61264gantryDuring the early part of 1966 I spent a couple of months at Holbeck MPD, as a fireman. During this brief spell, I did a trip with one of the B1s from Leeds to Cleethorpes and back; it wasn’t the  ‘best day at the office’ I ever had .  That trip was my one and only time firing on an Ex-LNER engine, and firing through the flap was something I had, previously, never done . Believe me when I tell you this is not an easy skill to learn and it was certainly a steep learning curve that day.

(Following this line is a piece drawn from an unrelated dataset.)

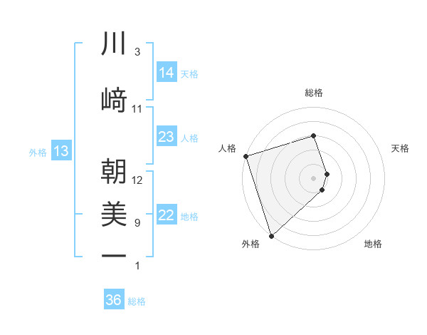 川﨑 朝美一さんを姓名の画数から五運を鑑定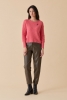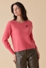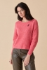 Pull uni en jersey maille "doudou", col rond, manches tombantes bouffantes, grand bord côte, broche rayée "MATELOT".

Holbeck had picked up some of the work from Copley Hill MPD, when it closed to steam, at the back end of 1964, and the Cleethorpes turn I worked on was one of those jobs. 50 years down the line I don’t recall the exact times of the service, though I do remember we made the return journey in darkness. One of the saving graces, I thought, was that the B1s had electric lighting. Oh! And a bucket seat, tres posh.  We didn’t have any problems with shortages of steam but, I have to admit I did, more than once, open the whole firehole door; the driver held the door open, with the chain attached to it, whilst I whaled a few hefty shovels full into the back corners and down the sides – this was not the best way to go about things – but sometimes needs must.

In the photograph, No.61264 is hauling empty stock, from the carriage sidings, into Grosmont, NYMR, station.

If you have enjoyed my blogs – I have written a book about my 60 years involvement with railways, from trainspotter, via steam age footplateman, to railway author and photographer, this is a link to it:

http://www.amazon.co.uk/Gricing-Real-story-Railway-Children/dp/1514885751

These are some totally unsolicited comments from people who have already read  Gricing:  Amazon Customer on 6 Jan. 2016 Format: Paperback Verified Purchase:  “Brilliant and interesting book”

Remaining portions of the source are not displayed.